LICENSEE and NETWORK each warrant that they have the right to enter into this Agreement. LICENSEE warrants that it has the right to grant the rights herein granted to NETWORK(S) and has all rights necessary to permit NETWORK(S) to exercise the rights herein granted, including performance rights by artists and/or other material contained in the PROGRAMS. LICENSEE further warrants that PROGRAMS shall not contain material violating the rights of privacy, civil or property rights of any person or entity, or any laws or regulations of the Federal Communications Commission.

Each party agrees to defend, indemnify, and hold harmless the other from and against any damages, liabilities, costs, and expenses, including reasonable attorney’s fees, arising out of, or caused by, any breach of warranty hereunder or the acts or omissions of the indemnifying party.

12. Notices

All notices and other communications required or permitted hereunder shall be in writing and deemed sufficiently given if delivered by personal delivery, telegram, telecopy, expedited delivery service with proof of delivery, or by registered mail postage prepaid, at the addresses specified on page one of this Agreement, unless changed by written notice. Any such notice shall be deemed given at the time of delivery, or in the case of mail, upon the first attempted delivery. Copies of all notices sent to LICENSEE shall also be sent to NETWORK.

13. Governing Law

This Agreement shall be governed by and construed in accordance with the laws of the State of California, applicable to contracts entered into and fully performed therein. The parties agree that the State and Federal Courts located in California shall be the sole venue and have jurisdiction for settlement of all disputes arising hereunder.

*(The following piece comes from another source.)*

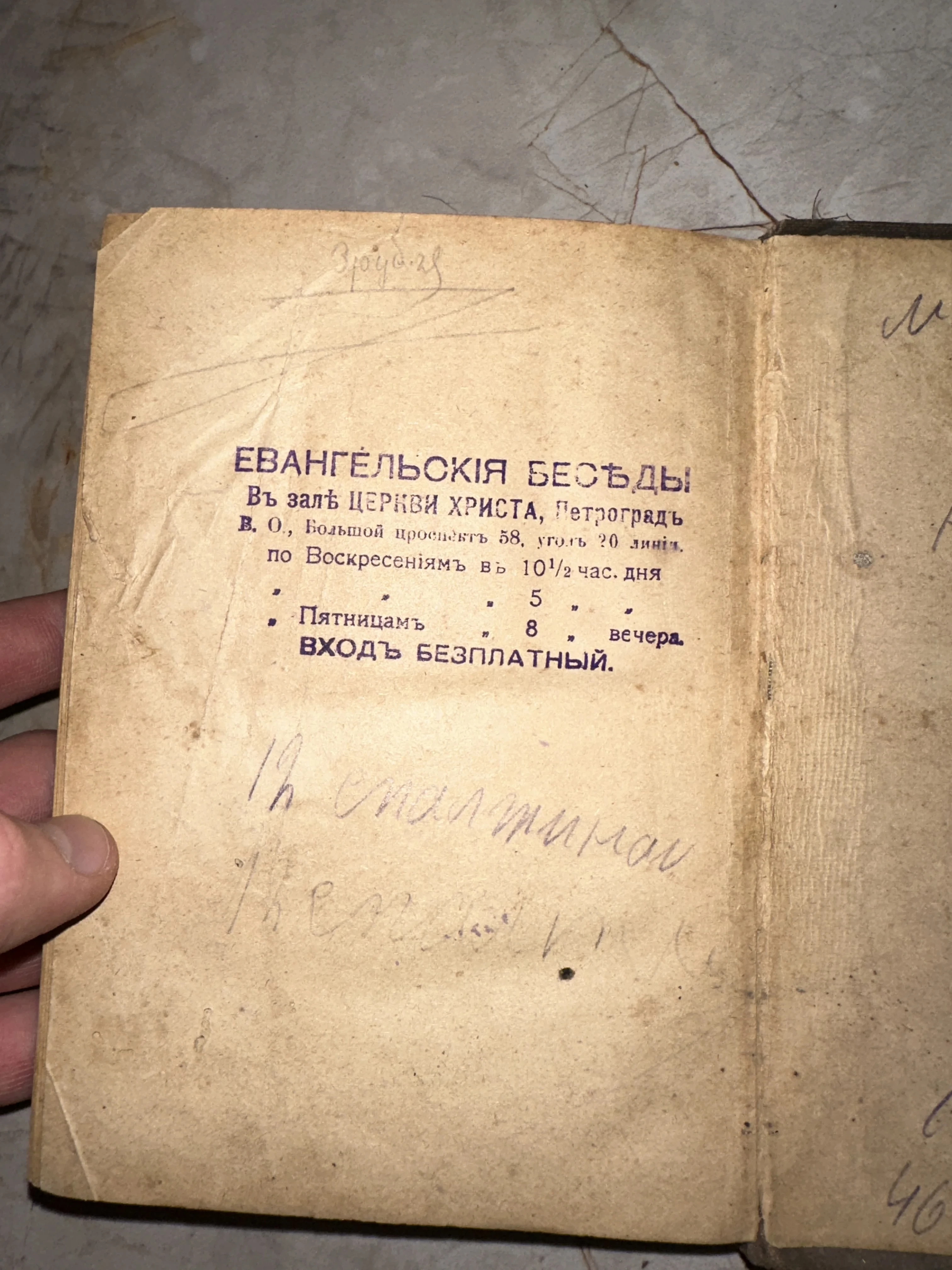 Редкое свидетельство духовной жизни Петрограда: штамп на форзаце приглашает на бесплатные евангельские беседы в Церкви Христа. Пожелтевшая от времени бумага с живыми карандашными пометками передает атмосферу эпохи и делает этот экземпляр уникальным объектом для изучения истории религии в России.

14. Independent Contractors

NETWORK(S) and LICENSEE(S) are independent contractors with respect to each other. Nothing contained herein shall create any association, partnership, joint venture, or agency relationship between the parties. LICENSEE shall not under any circumstances act as or represent itself as being in any such relationship with NETWORK other than that of independent contractor.

15. Survival

All representations, warranties, and indemnities contained herein shall survive execution and delivery of this Agreement and any expiration or termination hereof. Either party may terminate this Agreement with sixty (60) days written notice.

16. Modification, Severability & Waiver

This Agreement may not be altered, modified, or changed except in writing executed by the party against whom enforcement is sought. Waiver of any breach shall not be deemed a waiver of any subsequent breach. If any provision is determined to be illegal or unenforceable, the remaining provisions shall nevertheless remain effective and enforceable.

17. Counterparts

This Agreement may be executed in any number of counterparts, each deemed an original, and all together constituting one and the same instrument. Execution by fax or electronic signature shall be deemed valid and binding.

18. Entire Agreement

This Agreement contains the entire understanding between the parties and supersedes all prior agreements, written or oral, relating to the subject matter herein. There are no representations, agreements, or understandings not fully expressed herein.

Signatures

IN WITNESS WHEREOF, the parties have executed this Agreement as of the date first written above.

Agreed By:

By: ___________

By: ____________________
PJamilee Cooper CEO,

By: ___________
CoreLink Media Ent
www.CoreLink-Media.com

www.corelink-media.com

By: ___________________________
Name: ___________________________
Title: ___________________________
Company: ________________________
Contact: _________________________

Exhibit A

Fast Channels

AVOD
Series :
Movies :

Additional content may be included via addendum to this Agreement.